== INPUT FOR THIS TASK

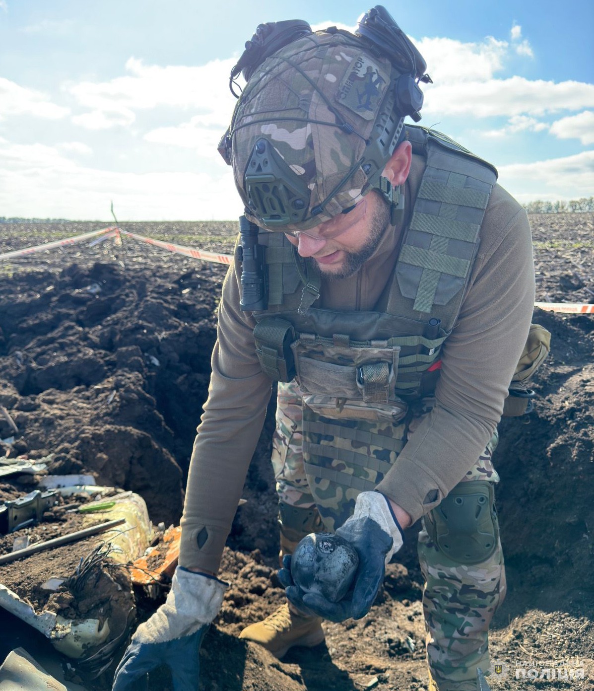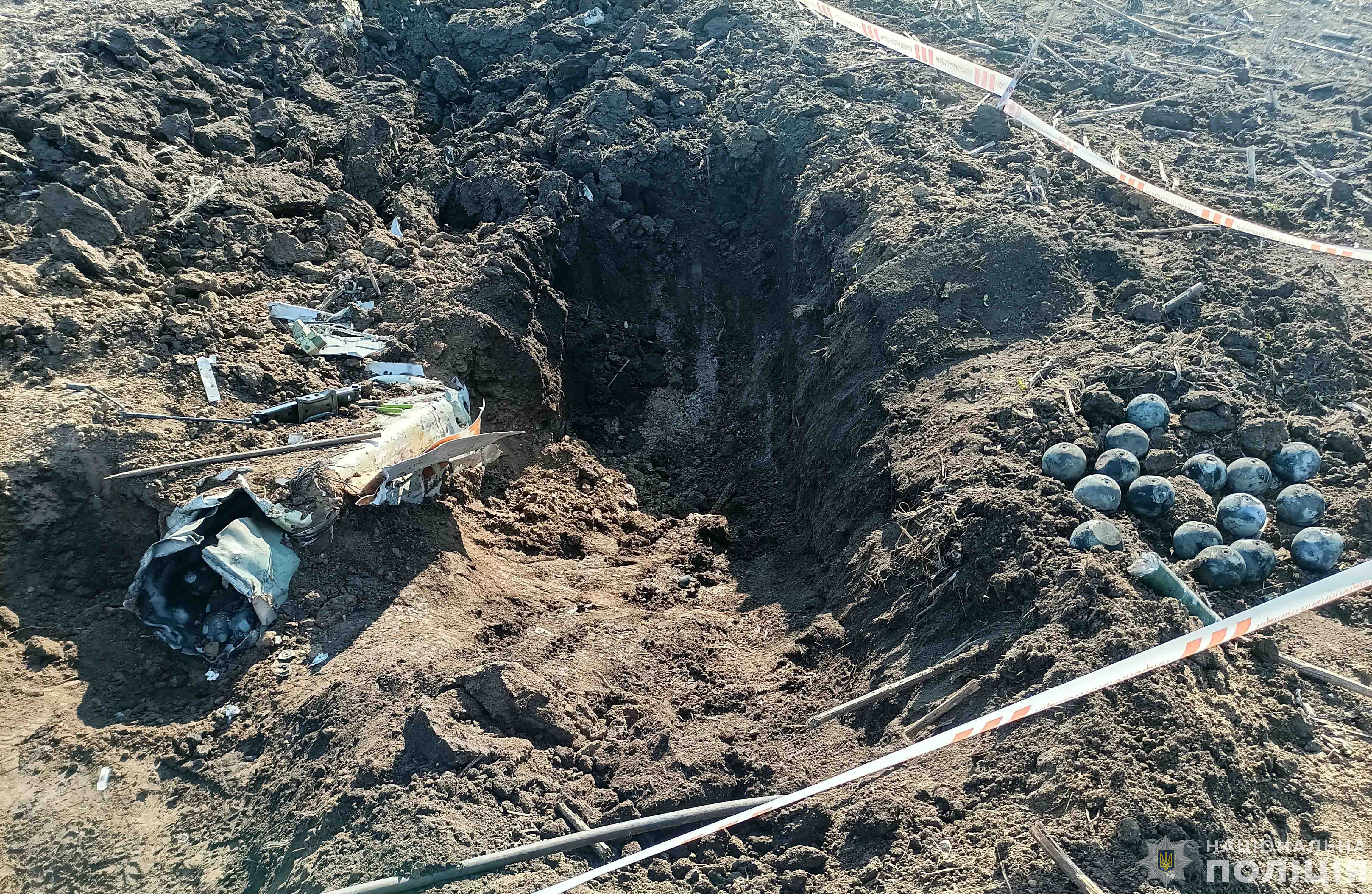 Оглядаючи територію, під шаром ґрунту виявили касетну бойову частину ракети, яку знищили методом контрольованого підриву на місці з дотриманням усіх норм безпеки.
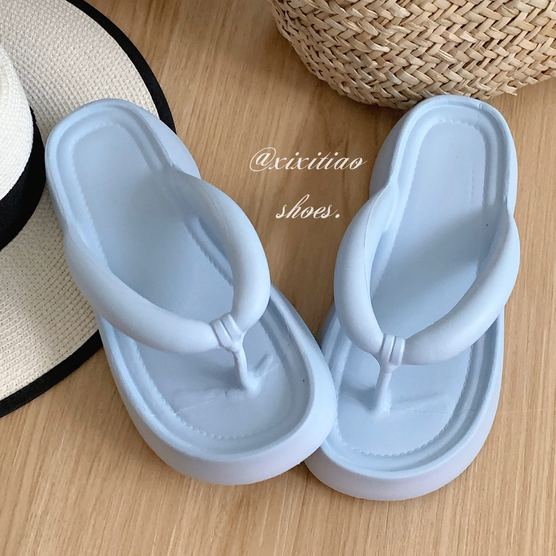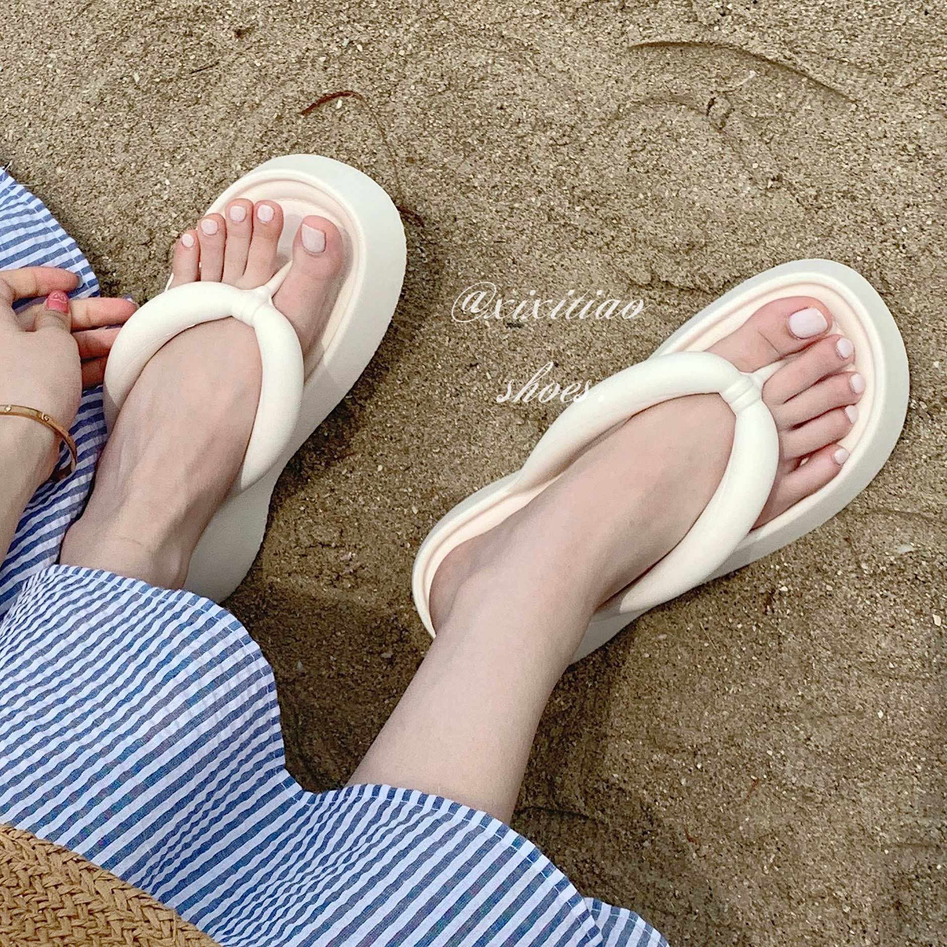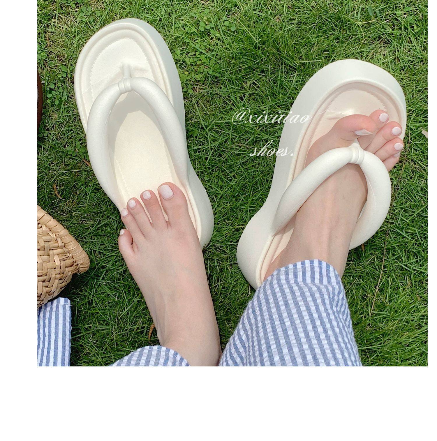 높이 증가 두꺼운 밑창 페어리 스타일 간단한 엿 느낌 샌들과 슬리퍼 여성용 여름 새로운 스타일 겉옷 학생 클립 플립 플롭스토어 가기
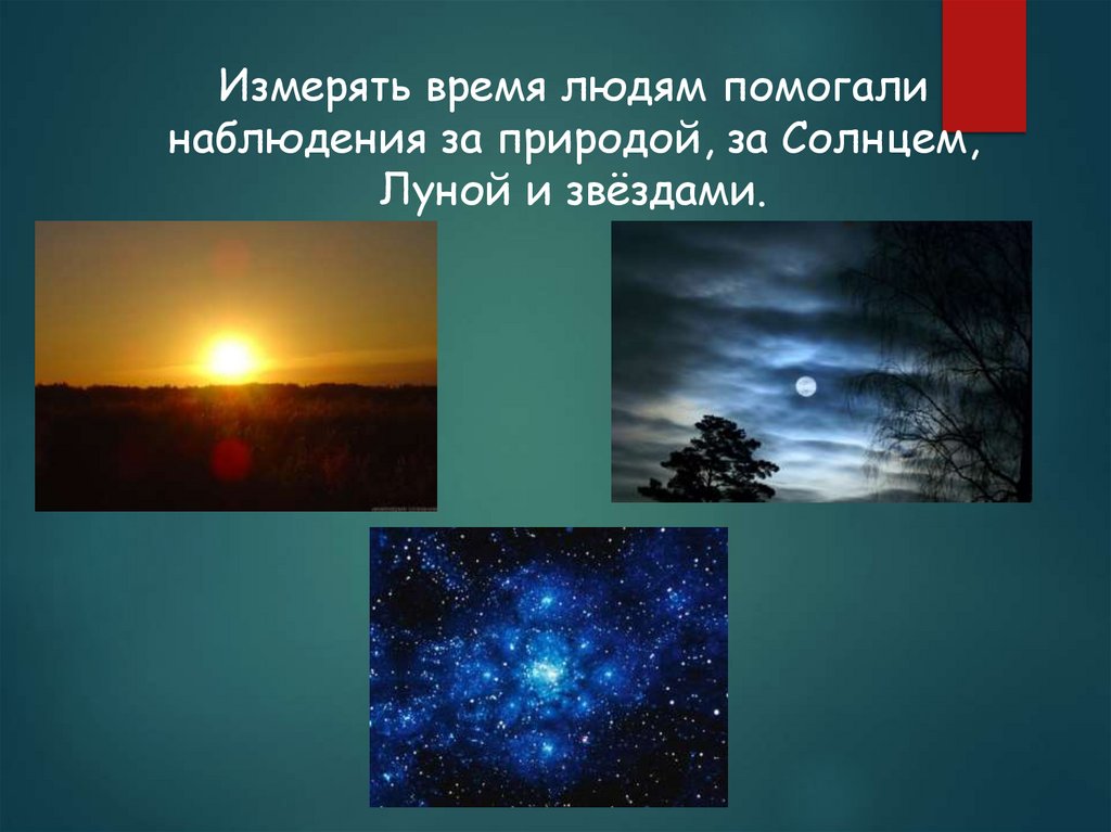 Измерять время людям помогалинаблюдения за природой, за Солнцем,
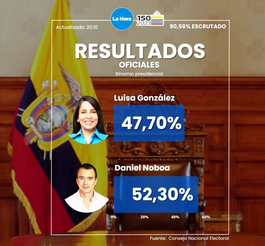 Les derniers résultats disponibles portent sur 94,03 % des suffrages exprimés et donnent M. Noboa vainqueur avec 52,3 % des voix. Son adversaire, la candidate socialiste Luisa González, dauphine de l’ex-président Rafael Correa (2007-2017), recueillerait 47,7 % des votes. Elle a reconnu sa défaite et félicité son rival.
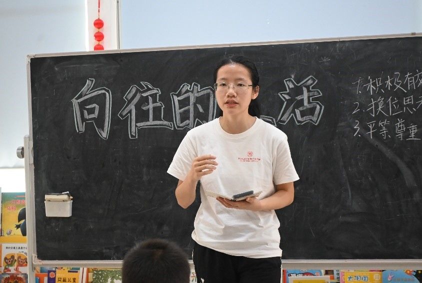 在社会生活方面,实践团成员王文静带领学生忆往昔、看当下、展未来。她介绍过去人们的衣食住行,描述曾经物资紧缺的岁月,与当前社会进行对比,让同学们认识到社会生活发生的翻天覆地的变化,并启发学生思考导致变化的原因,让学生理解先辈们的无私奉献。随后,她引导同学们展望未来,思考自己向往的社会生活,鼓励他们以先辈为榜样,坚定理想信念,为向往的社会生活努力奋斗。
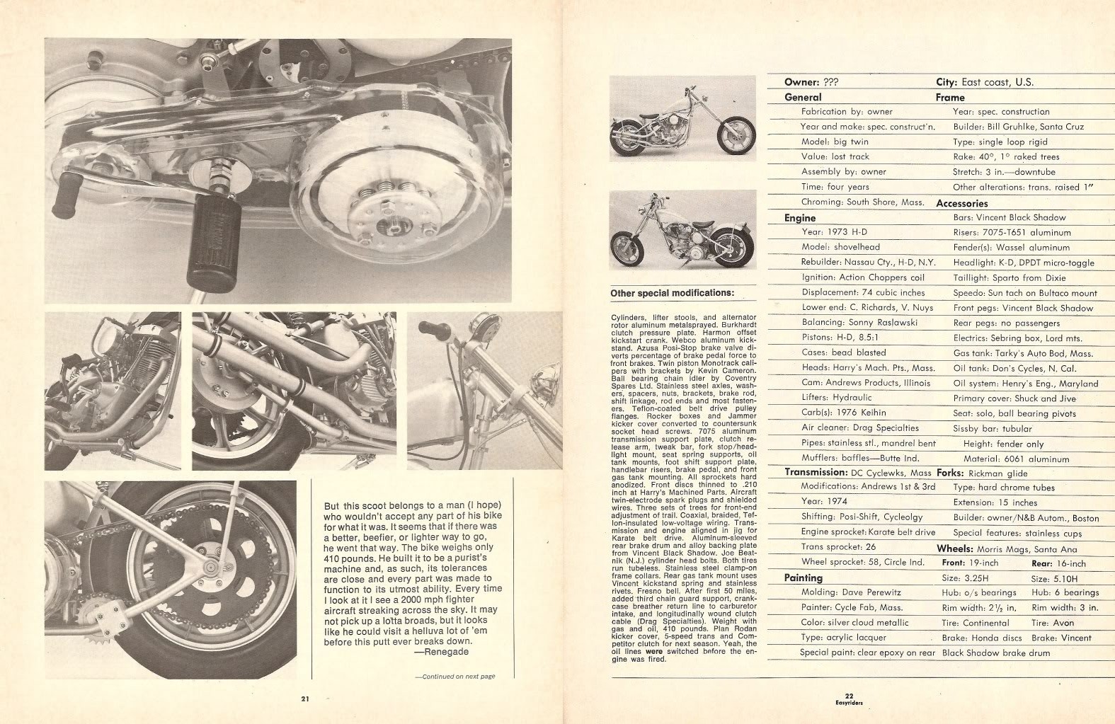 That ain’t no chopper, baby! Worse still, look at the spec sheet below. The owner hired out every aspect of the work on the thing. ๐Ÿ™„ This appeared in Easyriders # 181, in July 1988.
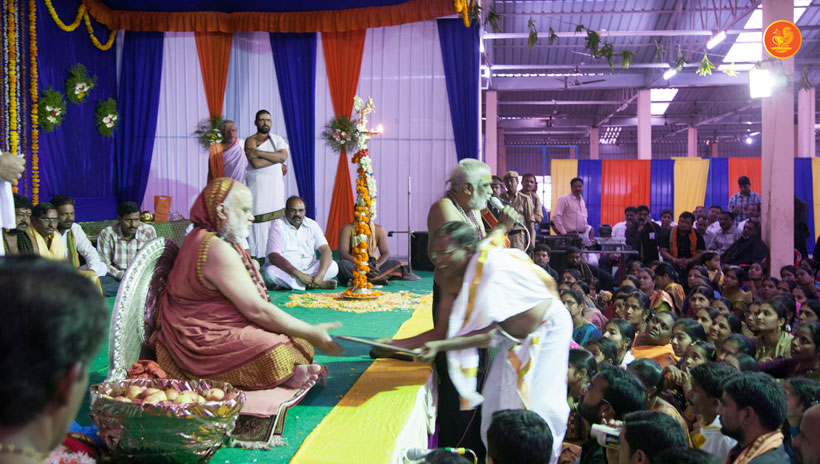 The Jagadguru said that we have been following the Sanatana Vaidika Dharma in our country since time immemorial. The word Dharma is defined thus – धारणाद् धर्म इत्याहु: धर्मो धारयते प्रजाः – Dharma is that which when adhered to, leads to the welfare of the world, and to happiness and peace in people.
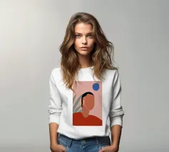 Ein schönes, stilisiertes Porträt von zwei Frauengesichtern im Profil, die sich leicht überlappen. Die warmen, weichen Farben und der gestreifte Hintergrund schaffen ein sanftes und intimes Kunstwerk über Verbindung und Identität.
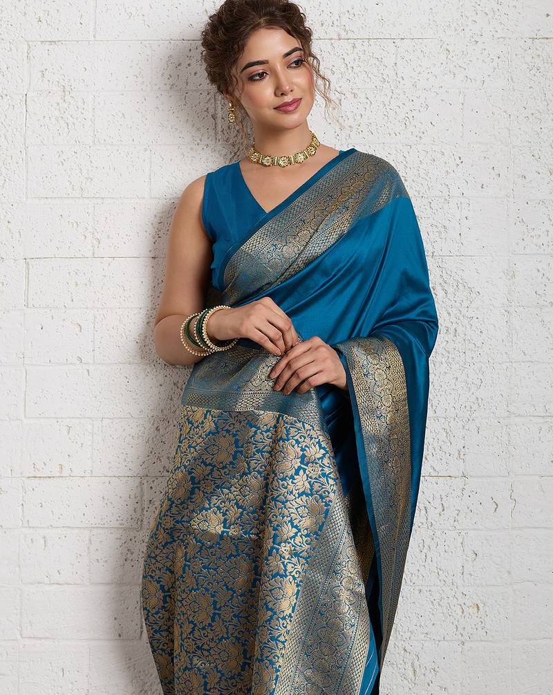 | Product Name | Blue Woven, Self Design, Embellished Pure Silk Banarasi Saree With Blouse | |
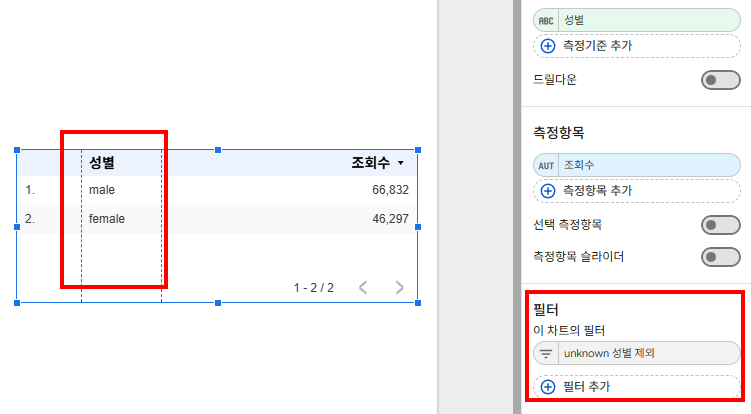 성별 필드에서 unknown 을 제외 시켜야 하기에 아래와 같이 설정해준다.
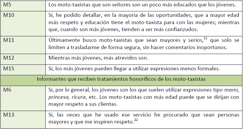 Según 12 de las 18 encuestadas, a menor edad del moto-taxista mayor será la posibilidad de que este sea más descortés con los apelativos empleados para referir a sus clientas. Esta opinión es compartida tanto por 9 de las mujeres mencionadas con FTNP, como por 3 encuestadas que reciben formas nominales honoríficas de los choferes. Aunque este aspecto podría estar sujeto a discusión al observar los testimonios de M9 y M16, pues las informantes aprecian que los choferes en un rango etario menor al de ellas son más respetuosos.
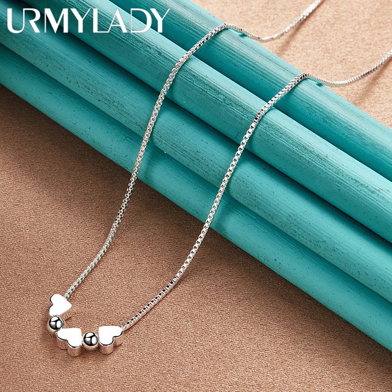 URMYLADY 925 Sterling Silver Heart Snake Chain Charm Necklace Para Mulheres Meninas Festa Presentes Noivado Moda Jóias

====

Output exactly the lines above, beginning at the one with "높이 증가 두꺼운 밑창" and stopping after the one with "Измерять время людям". Pictures are to be omitted.

 높이 증가 두꺼운 밑창 페어리 스타일 간단한 엿 느낌 샌들과 슬리퍼 여성용 여름 새로운 스타일 겉옷 학생 클립 플립 플롭스토어 가기
 Измерять время людям помогалинаблюдения за природой, за Солнцем,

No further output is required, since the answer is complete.